Pictures stay out; everything else from the first line of the entries down through the line with "Die Scottsdale Mint" gets copied exactly.

------------------------------------------------------------------------

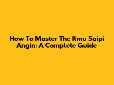How To Master The Ilmu Saipi Angin: A Complete Guide
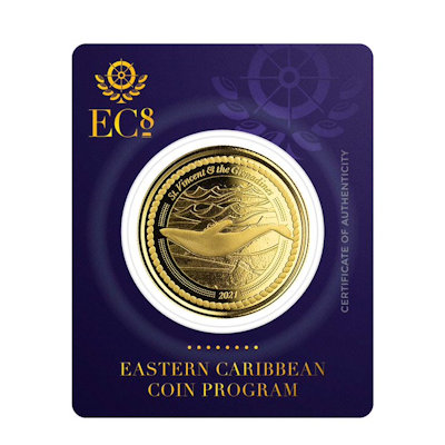 Die Scottsdale Mint freut sich, in Zusammenarbeit mit der Eastern Caribbean Central Bank (ECCB) das EC8-Programm mit der Veröffentlichung der Ausgabe St. Vincent und Grenadinen 2021 Humpback Whale fortzusetzen. Es ist die 6. Ausgabe der 4. EC8 Serie. Es handelt sich hier um die Ausgabe in 1 Oz Feingold verpackt und sicher geschützt in Certi-Lock(R) Verpackung!
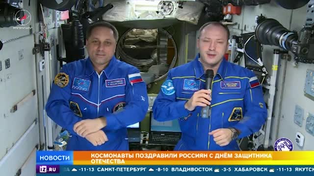 "Коллеги, друзья, поздравляем вас с Днем защитника Отечества - настоящий праздник, кто любит свою страну. Огромное спасибо тем, кто служит родине. Благодаря вам мы спокойно работаем здесь, в космосе. С праздником", - сказали Антон Шкаплеров и Александр Мисуркин.
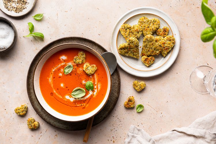 Gemüse-Nugget-Herzen mit Tomatensuppe
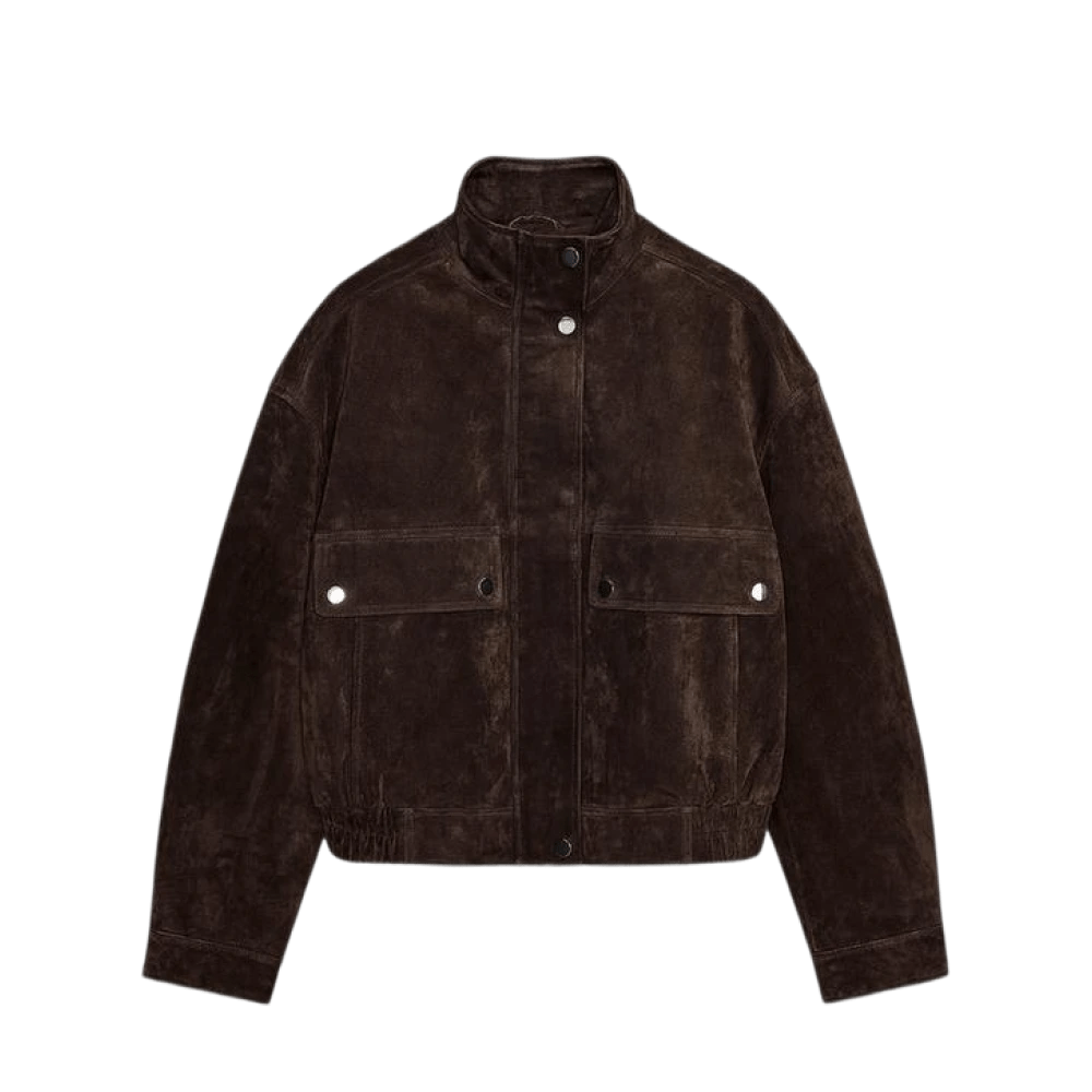 Elegancka i ponadczasowa kurtka bomberka od ZARA, wykonana w 100% z naturalnego zamszu. Idealna na chłodniejsze dni – świetnie sprawdzi się zarówno w stylizacjach casualowych, jak i bardziej eleganckich.
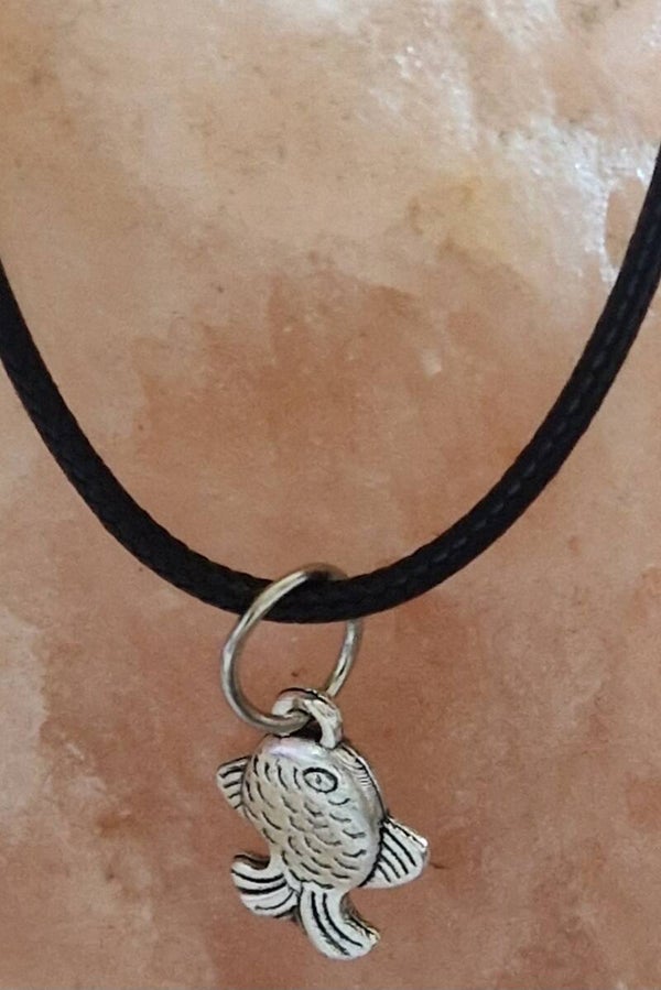 Collier avec pendentif poisson argenté modèle 2 cordon ciré cuir noir avec boucles
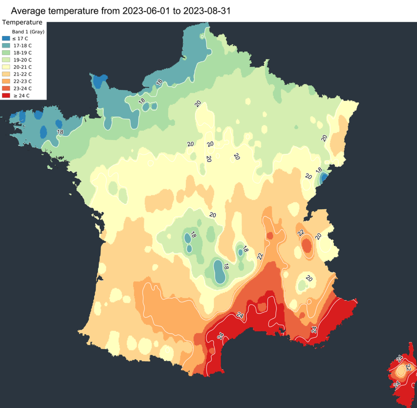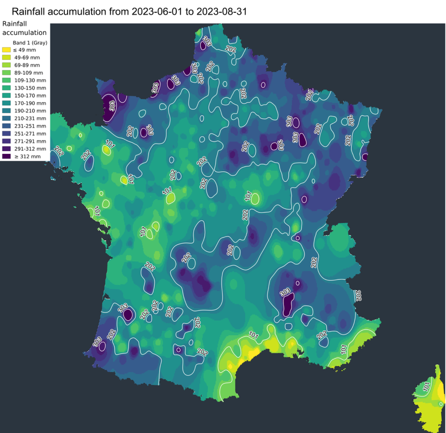 Un peu comme lors du printemps 2023, la pluviométrie a dans l’ensemble été conforme aux normales saisonnières lorsque l’on analyse à l’échelle nationale. Mais attention, cela ne doit pas cacher les grandes disparités à l’échelle locale. Les agriculteurs de la vallée du Rhône n’ont pas connu les mêmes conditions que leurs confrères bretons. On notera également le retour d’orages particulièrement violents sur la première partie de l’été, entre juin et juillet entre la Nouvelle-Aquitaine et la région Grand-Est. Dans le Sud-Est, la sécheresse en permanente accentuation jusqu’à la mi-juin, avant le retour de précipitations, a repris un nouvel élan jusqu’en août avant le retour de conditions plus humides sur les derniers jours de l’été.
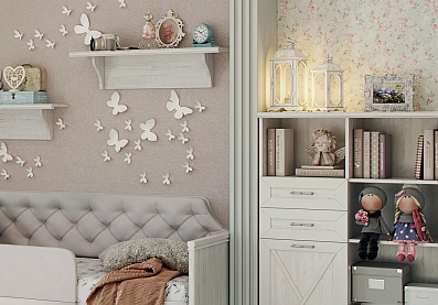 К этой мебели подойдут аксессуары в стиле неоклассика, ковры с винтажным потертым рисунком, плетеные пуфы и вязанные пледы. Если вы хотите добавить акцентов в интерьер — используйте стулья и кресла ярких оттенков, для более «спокойного» интерьера — выбирайте приглушенные тона. Не забудьте про туалетный столик, который сделает утренние и вечерние ритуалы еще приятнее.
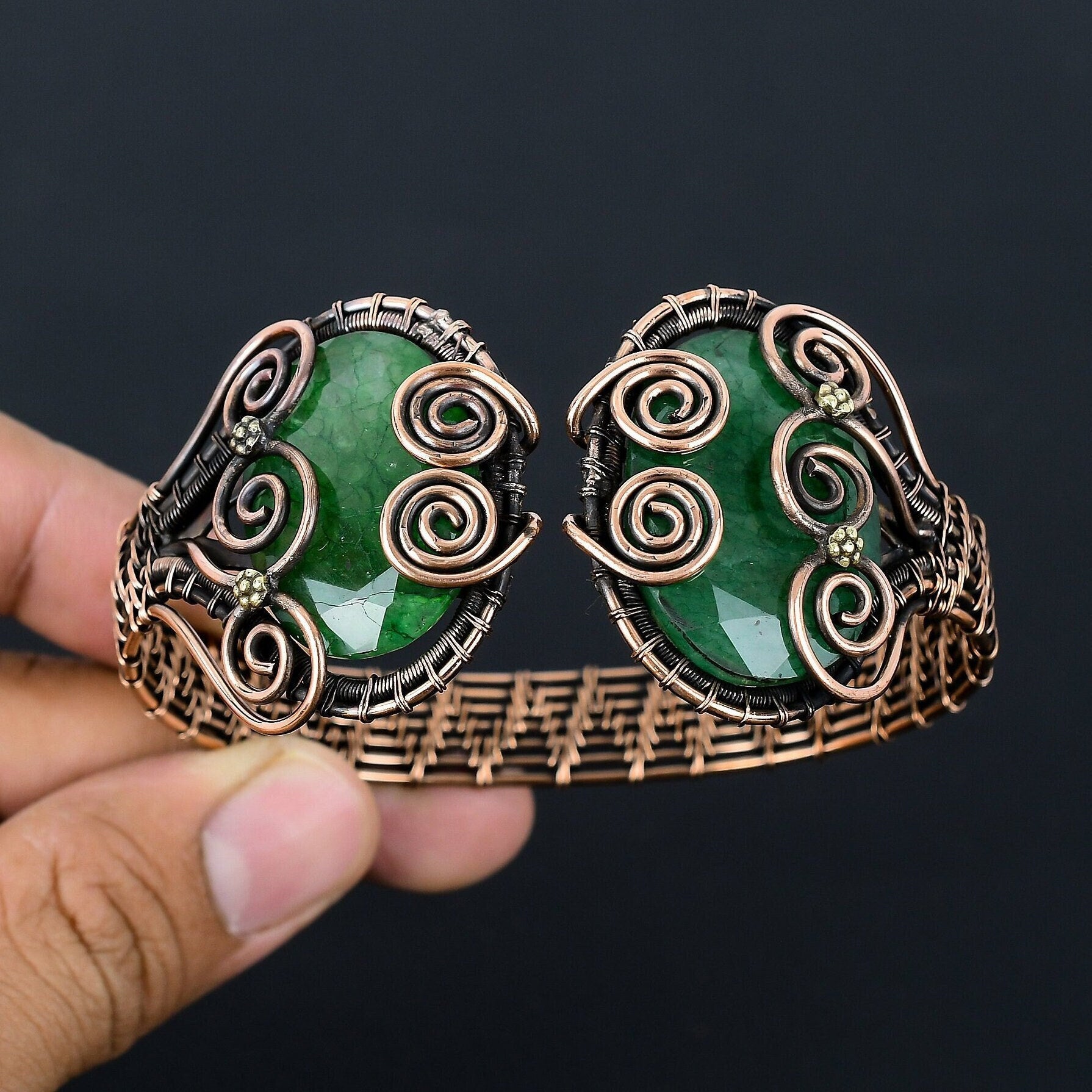 This unique piece features mesmerizing green stones intricately entwined with swirling copper wire designs.
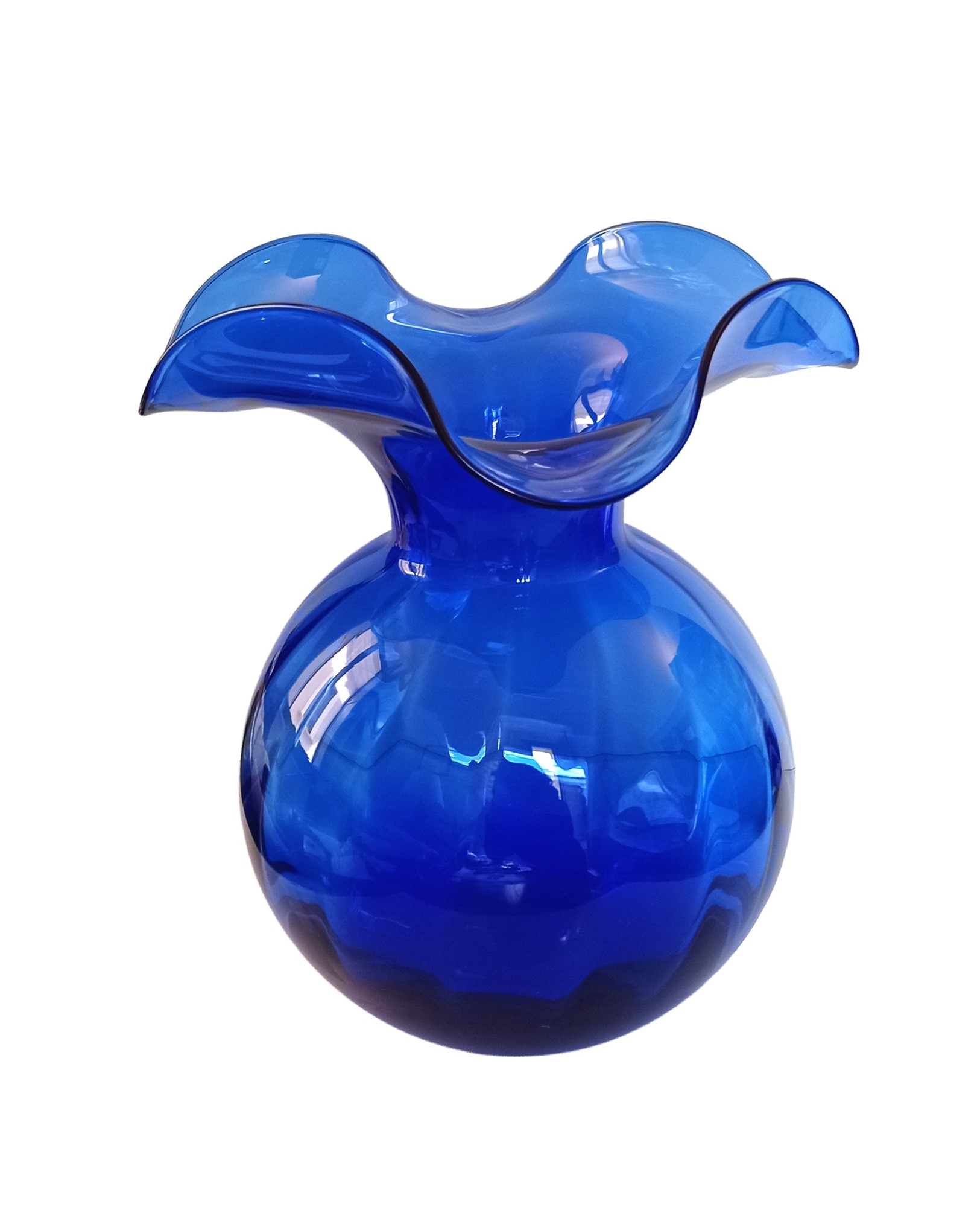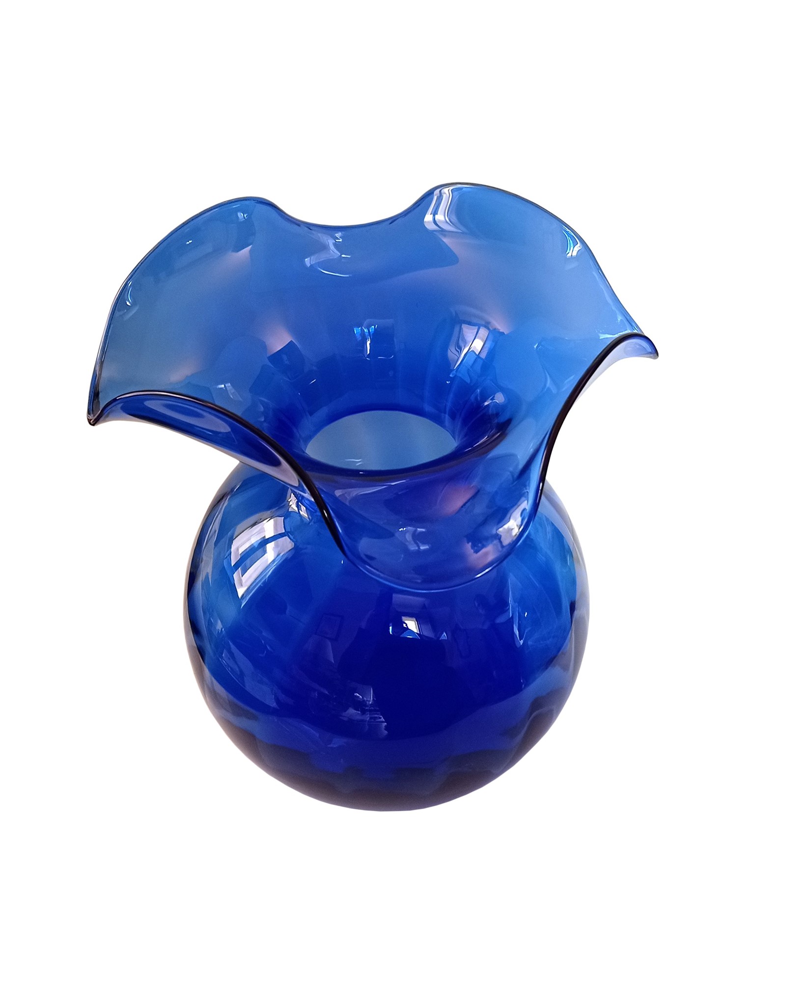 Vaso primula in vetro soffiato di Murano lavorato a costolature in blu di Prussia
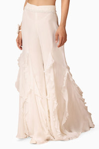 Introducing Shriya Som's ruffle pants from the Chrysalis Collection, crafted in a light chiffon base and featuring elegant ruffles in a graceful godet pattern, offering a flowing, sophisticated silhouette.
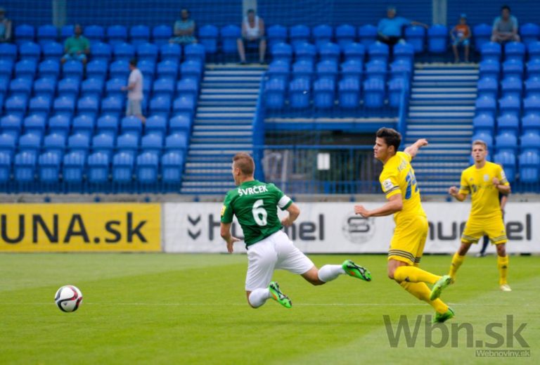 Zľava: Jan Kalabiška z FK Senica a Martin Boszorád z MFK Ružomberok v zápase 2. kola futbalovej Fortuna ligy. Senica, 24. júl 2015. Foto: SITA/Martin Medňanský
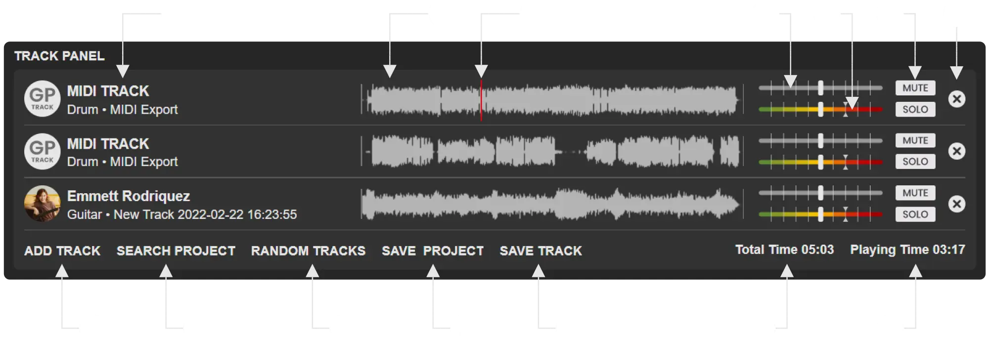 - Shows the tracks recorded by all members, including yours. Click to add the tracks to the TRACK PANEL.
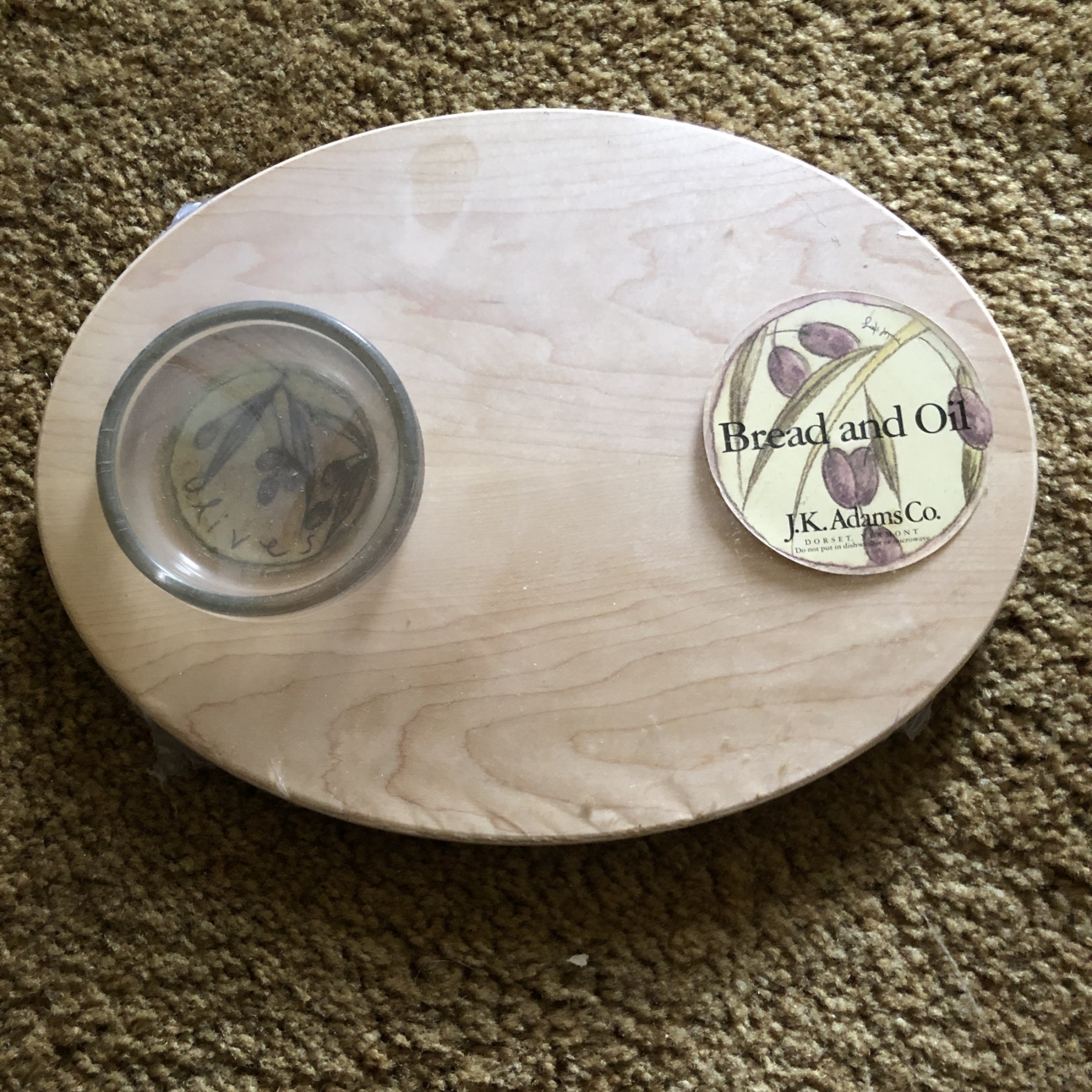 New Bread And Oil Serving Set. Wooden board with glass dipping bowl.

------------------------------------------------------------------------

> _TASK RESPONSE_:
How To Master The Ilmu Saipi Angin: A Complete Guide
 Die Scottsdale Mint freut sich, in Zusammenarbeit mit der Eastern Caribbean Central Bank (ECCB) das EC8-Programm mit der Veröffentlichung der Ausgabe St. Vincent und Grenadinen 2021 Humpback Whale fortzusetzen. Es ist die 6. Ausgabe der 4. EC8 Serie. Es handelt sich hier um die Ausgabe in 1 Oz Feingold verpackt und sicher geschützt in Certi-Lock(R) Verpackung!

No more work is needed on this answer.